There's a river draining the eastern lake that looks like it must be flowing uphill at one point between the saddle of two hills. Assuming precipitation exceeds evaporation, lakes should rise until they spill over the side.
Did you use the Bryce erosion tools on this? With the spine-like walls and slightly stairstepped channels it kind of looks like you did an iteration of erode, smoothed and then used erode again. Actually the spinewalls seem to come from the eroded tool. It's nice to see someone else using Bryce's erosion tools. On a PC, you have access to some really nice erosion tools, though. GeoControl is probably the best, followed by l3dt, but WorldMachine and Leveller are pretty good too. Probably better than the Bryce tools.
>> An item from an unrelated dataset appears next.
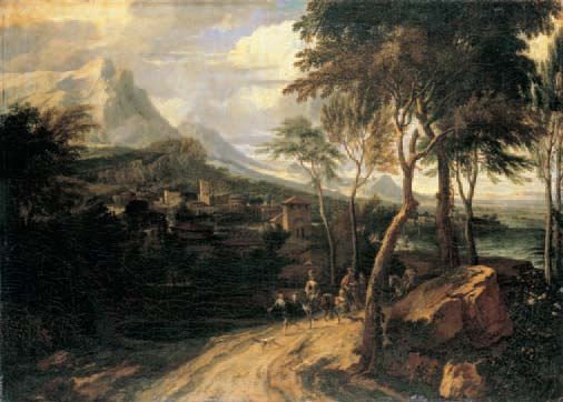 GEBIRGSLANDSCHAFT MIT REITERN UND WANDERERN
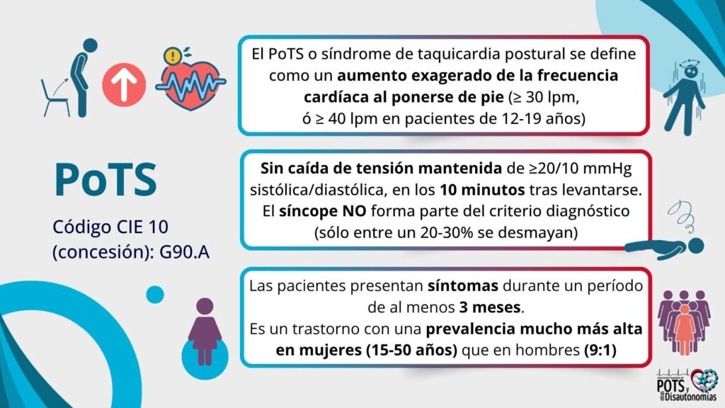 Ahora (PoTS): se enfatiza la parte del cambio postural, reconociendo que los síntomas pueden aparecer o empeorar con cualquier cambio de postura (sentarse, agacharse, levantar los brazos, incluso estando tumbada, como por ej, al girarse).

GRASS isn't working for me, so I've taken to playing with a java app called Landserf, and a UNIX toy called Terraform.
Landserf is excellent, I can import RGBA images as 32-bit elevations, and it has some excellent landform extraction tools. If nothing else I might be able to convert my 16-bit pngs into something GRASS can digest. Landserf doesn't really have any hydrology tools, though.
Terraform is a toy, pure and simple, but it's sea-level flattening tool is very useful. Better than the Wilbur exponential filter for creating continental shelves and beaches.
Erosion in terraform is problematic.
MFD flowmap doesn't work. Period. SFD does, but... it's SFD.
The river tool would be better if I could just create a pure river mask with it.
I'm playing with diffusion mediated by a flowmap with... interesting results. On a large scale map, it would make a nice swampland effect. On larger maps it could be masked out to create Chesapeake Bay type areas. Interesting.
What I'd like is an app that I could left click a point on the map and it would shade in the area where a river could conceivably flow from there. Then I could right click inside the shaded area and it would reduce the upstream area to paths a river could reasonably take to get from the first point to this point and then shade the potential downstream area.